Friday, December 26, 2014

What Would I Have Done Differently If I Were To Start Blogging Tomorrow? | One Year Blogoversary Celebration (8)


Spend A Happy-Medium Amount Of Time On Blog Posts

There are two types of people in this world, the over-thinkers, and the care-freerers.


My advice to the over-thinkers is.... you don't have to spend HOURS and HOURS on a single blog post, especially in the beginning. You want to be able to create as much content with the highest quality possible. When I say this, I'm asking you to find a good balance, a happy medium. Don't write 8 crappy posts a week when you could write 4 good ones. At the same time, don't write, deliberate, and spend forever one 1 post every two weeks. It's all about finding your personal comfort zone and how much pride you want to have in the finished product.

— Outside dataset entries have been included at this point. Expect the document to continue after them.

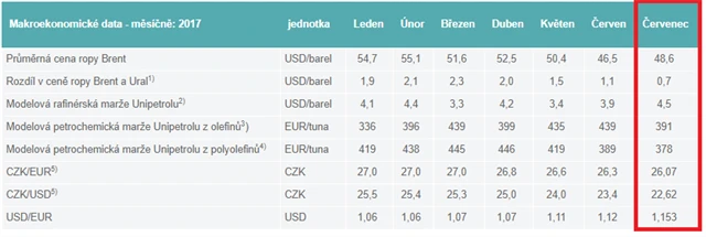 Petrochemický holding Unipetrol zveřejnil modelové marže za červenec. V rafinérském segmentu se marže zvýšila z 3,9 USD na barel na 4,5 USD. Rozdíl mezi cenami ropy Brent a Ural klesl z 1,10 USD na 0,70 USD na barel. Olefinová marže dosáhla v červenci 391 eur na tunu (červen: 439 eur) a polyolefinová marže byla 378 eur na tunu (červen: 389 eur).
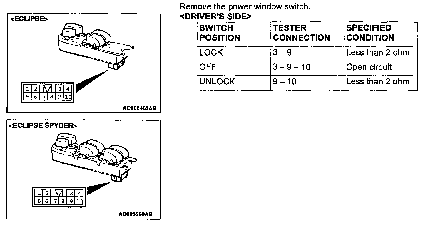 Power Door Lock Switch: Testing and Inspection
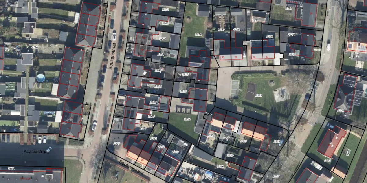 Gebruik de zoekbalk of klik op een perceel om informatie over het perceel te bekijken.
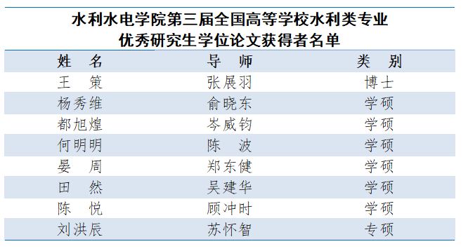 日前,中国水利教育协会公布了第三届全国高等学校水利类专业优秀研究生学位论文评选结果。经协会初审、通讯评审和专家会评,评出第三届全国高等学校水利类专业优秀研究生学位论文。其中,博士学位论文10篇、学术型硕士学位论文30篇、专业硕士学位论文20篇。 高辣文 王策等8名研究生的学位论文获此殊荣。
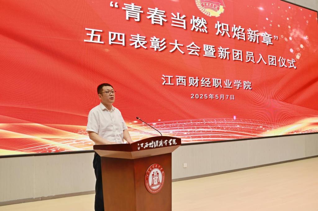 为弘扬五四精神,激励青年学子坚定理想信念,凝聚奋进力量,勇担时代使命,5月7日下午,学校在八里湖校区行政楼1号报告厅举行了“青春当燃 炽焰新章”五四表彰大会暨新团员入团仪式。校党委委员刘锋出席,各二级学院团总支书记及500余名学生代表参加。
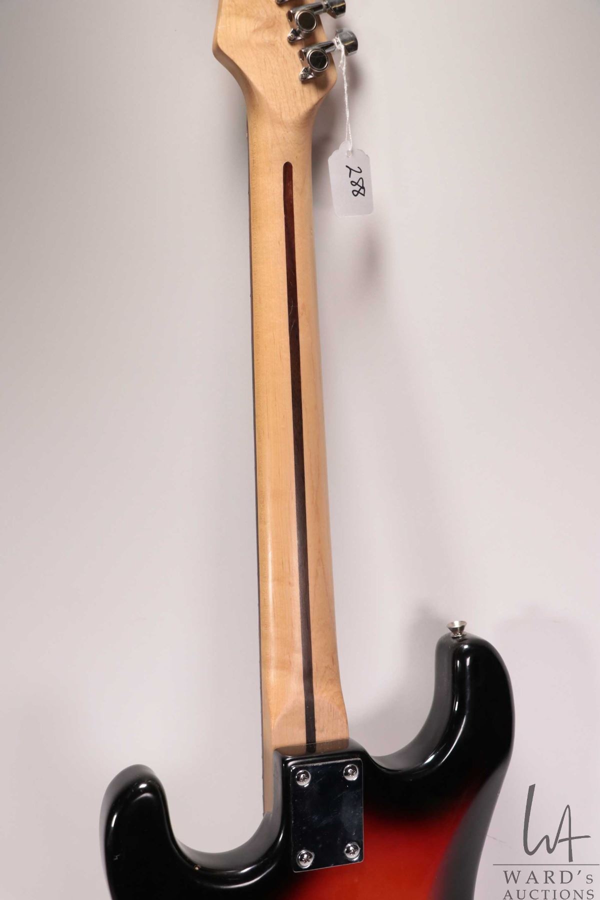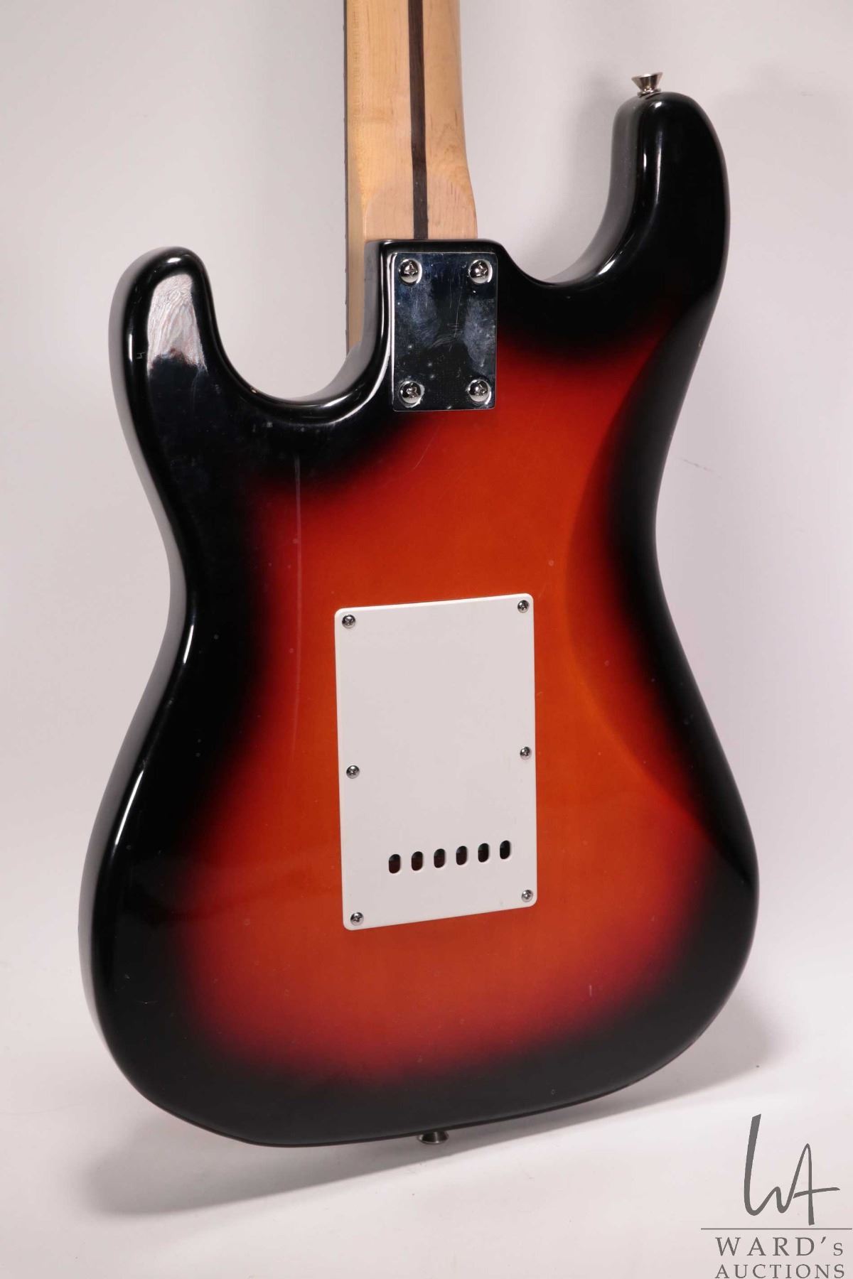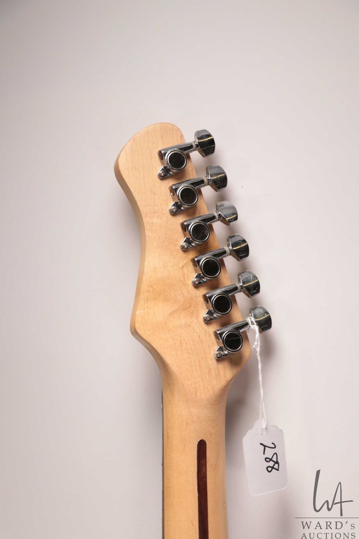 Ion Strat style guitar with pearloid dot neck, SSS pickup configuration, five way switch and three c
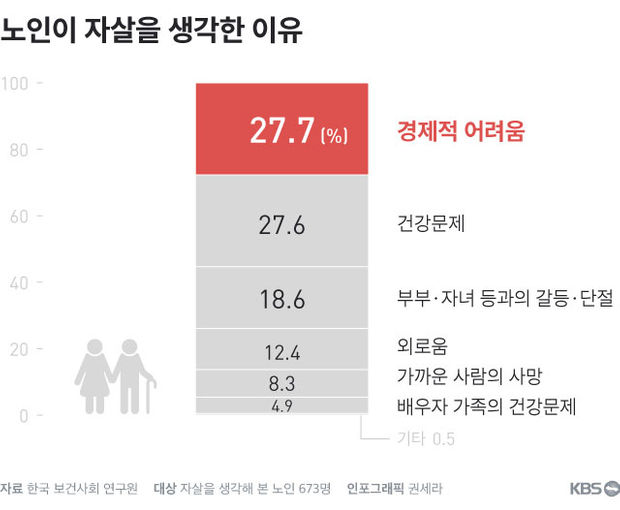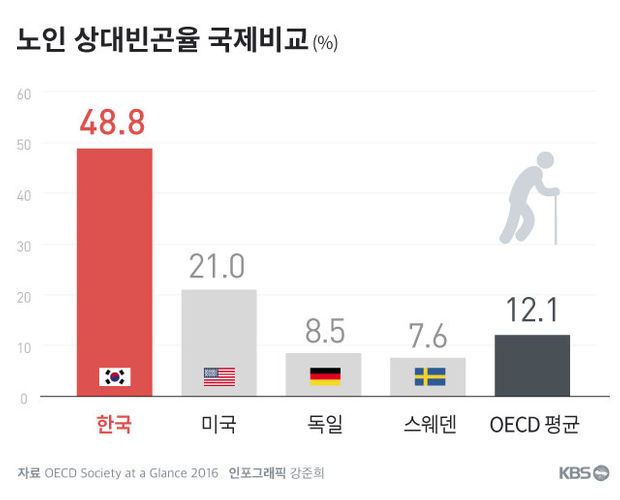https://news.v.daum.net/v/20210414141903198 [14일 고용노동부가 발표한 '2020년 산업재해 사고 사망 통계'에 따르면 지난해 산재 사고 사망자는 882명으로, 전년보다 27명(3.2%) 증가했다. 사망자를 연령대별로 보면 60세 이상이 347명(39.3%)으로 가장 많았다. 이어 50대(292명), 40대(137명), 30대(64명), 18∼29세(42명) 순이었다. 연령대가 높을수록 사망자가 많은 셈이다. 특히 60세 이상 사망자의 비율은 전년(33.3%)보다 급격히 증가했다. 고용부 관계자는 "산재 사망사고가 주로 건설업에서 발생하는데 건설 노동자의 고령화가 진행되면서 산재 사고 사망자 중 고령자의 비율도 높아진 것으로 보인다"고 말했다.] 트위터 눈팅하다가 본 뉴스입니다. OECD 1위였던 노인 자살율과 빈곤율도 생각나던. 짤은 좀 된거입니다 ㅎ http://mn.kbs.co.kr/mobile/news/view.do?ncd=4292513 [국제적으로 비교해봐도 우리나라 노인들의 자살률은 OECD 1위라는 불명예를 안고 있다. 보건복지부는 '2019 자살예방백서'에서 우리나라 65세 이상 노인자살률(인구 10만명당)은 2015년 기준 58.6명으로 OECD 회원국 18.8명보다 훨씬 높고 2위 슬로베니아 38.7명과도 큰 격차를 이루고 있다고 밝혔다. 장수 국가인 일본은 22.8명으로 11위를 기록했고, 2000년대 초반 자살국가라는 오명으로 유명했던 핀란드도 15.1명으로 19위를 기록한 것과 대조적이다.] 3

For the care-freerer (aka myself), I would advise that you just look over your post. Spend 10 minutes the day before it goes live to proofread it, because you will find so many careless grammatical/ spelling mistakes that could have easily been avoided if you had scanned it. Check for consistency - in terms of topic, conciseness - get to your point, and cohesiveness - make sure the reader understands you. I don't always look over posts, and I find that they can be greatly improved with 10 extra minutes of work and I will be a lot happier with the outcome.

Cut Down On The Memes!!!


This is a personal decision as to how many memes you want to have on your blog in terms of frequency and your ratio of meme:review:discussion:unique feature. For the beginning blogger who wants to have a lot of content and a diverse mix of posts, throwing in a meme is a great way to do so. The thinking work -in terms of topic- has been done for you. All you have to do is answer the question, insert the synopsis, or whatever that particular meme requires of you.

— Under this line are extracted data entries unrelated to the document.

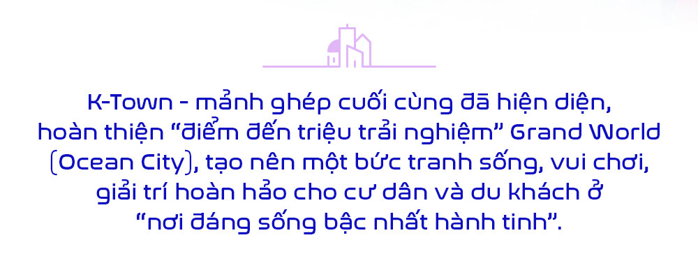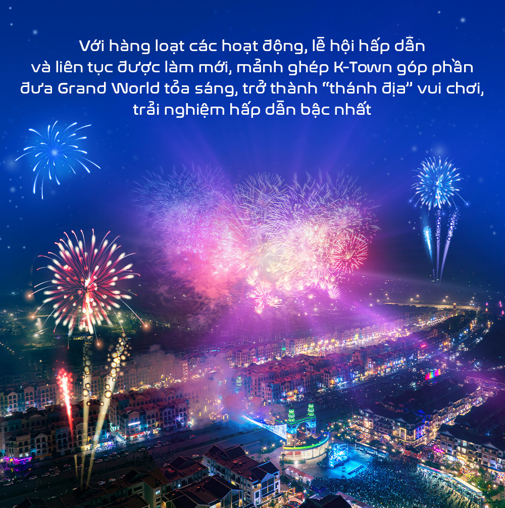 Ngày 26/4, K-Town chính thức ra mắt, hoàn thiện “điểm đến triệu trải nghiệm” Grand World. Trong chuỗi sự kiện khai trương, hàng vạn du khách đến với Ocean City đã được chứng kiến những màn biểu diễn mãn nhãn mang đậm dấu ấn văn hóa xứ Hàn, như biểu diễn Hanbok, múa cổ truyền, cho tới những cuộc thi Dance cover sôi động...
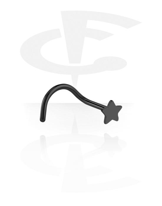 Curved nose stud (surgical steel, black, shiny finish) with star attachment
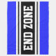 Den här sportiska fotbollsdesignen har fet atletisk ZON END-text i vitt svart och tvillingvit vågrät vitt tävla rand mot ljust royal blått yttre kant. Färg och text i den här designen kan vara personlig genom att redigera designen.
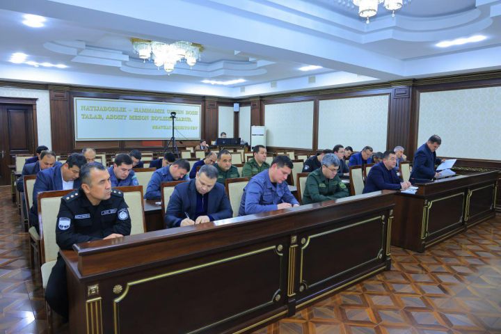 Также полковник Шухрат Алиев обратил особое внимание на важность выполнения задач в «красных» зонах области по основным целевым показателям, подчеркнув необходимость организации адресной работы, запуска работы в установленные сроки вновь созданных правоохранительных органов, дальнейшем совершенствовании действующих, а также ускорения установки камер видеонаблюдения.

It's all about testing the waters and seeing what's right for you
On the other hand, having a ratio of 5:7 of your posts per week being memes is a no-no. I find that they can be tedious for the blogger AND the reader. I cannot begin to count how many "Waiting on Wednesdays" or "Top Ten Tuesdays" are in my bloglovin feed come Tuesday and Wednesday. I am also less likely to click on the post if it's something EVERYONE else is doing, but there are always exceptions. In the beginning, just like with the kinds of books you read, you want to test out the kinds of posts you write until you find a good balance for both yourself and your readers.

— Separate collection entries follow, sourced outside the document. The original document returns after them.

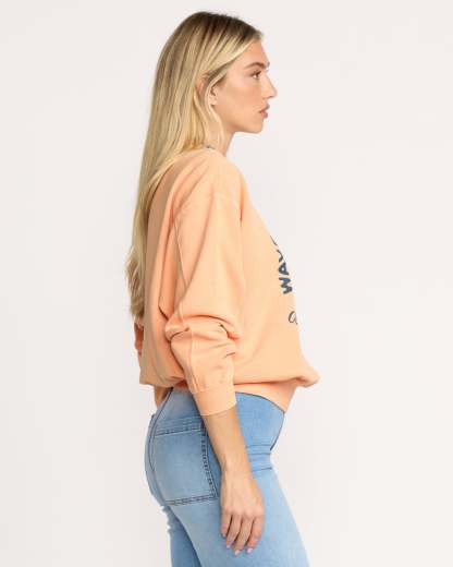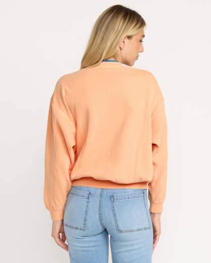 Our cotton-blend crewneck sweatshirt brings cozy vibes with its oversized fit and brushed fleece interior. The pigment-dyed finish and screen-printed design add a laid-back touch to this everyday essential. Featured here in the Orange colorway.
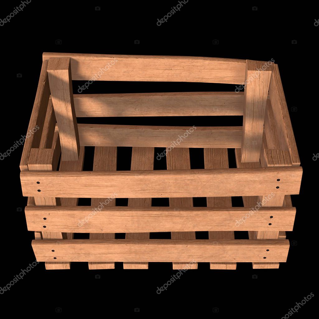 Деревянный ящик для транспортировки и хранения продукции. Пустой ящик для фруктов и овощей. 3D рендеринг на черном фоне
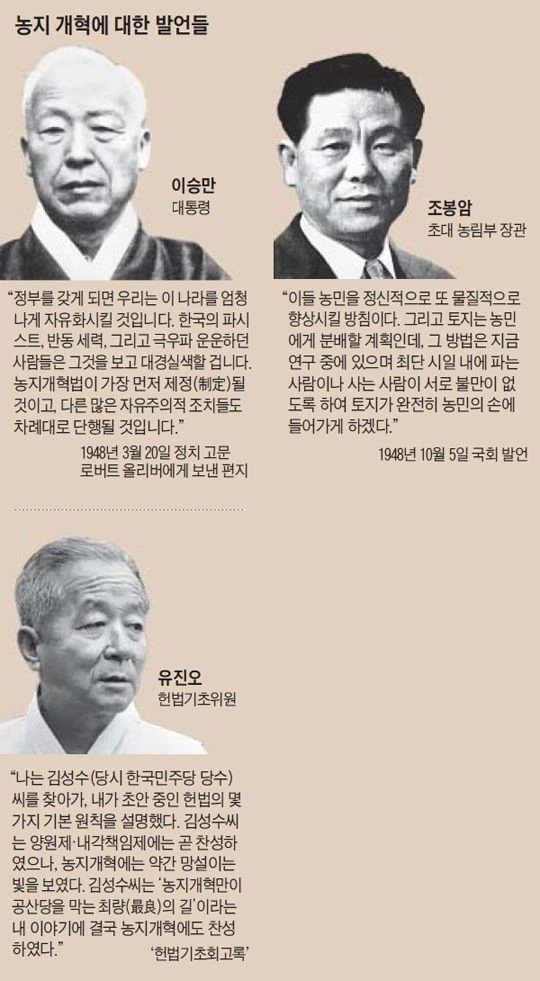 물론 이때 '농지개혁'은 이승만 개인 단독결단만으로 이루어진 것은 아니다. 미군정 시기부터 개혁논의는 이어졌고, 좌우이념 대립 속에서 농민층 요구도 강했다. 남북의 냉전구도 또한 개혁을 촉진한 배경이었다.

Schedule! Schedule! Schedule!


On blogger, wordpress, and I'm sure other platforms, you can schedule posts. UTILIZE THIS! There will be times when you have an entire afternoon to compose posts and other times where you have time to do anything but. I say, when you have the time and the inspiration strikes, take advantage of this and utilize this. At times, it will take me 40 minutes to write a discussion and at other, it will all pour out of me (usually @ 2 am), and I can always go back and EDIT what I have word vomited up.


Even if you aren't much of a planner, in life you have to put on the calendar when you go to work, when you have a dentist appointment, and when you work out. At the same time, making a reliable calanedar/schedule for your blog posts is a good idea. Even if you have no idea what you're going to write specifically, it's a good idea to know at least what days you are going to upload/publish for both yourself (so you don't stress out as easily) and for the reader (so they know they can rely on you).

During the height of my busyness, I will post every other day or even every three days. Even if the frequency of your posts isn't good, your readers will love you for being reliable. For example, one of my favorite bloggers has features I read religiously on Mondays and Thursdays. You can bet your bottom dollar that I will be visiting her blog every... Monday and Thursday.


So utilize a calendar, put it on your phone. Whatever you do, if the schedule has detailed bullet points and outlines on what the topic of the day is, or if you just label next Friday as a "Book Review" day, you will thank yourself for setting aside that day so you don't have to go scrambling for ideas.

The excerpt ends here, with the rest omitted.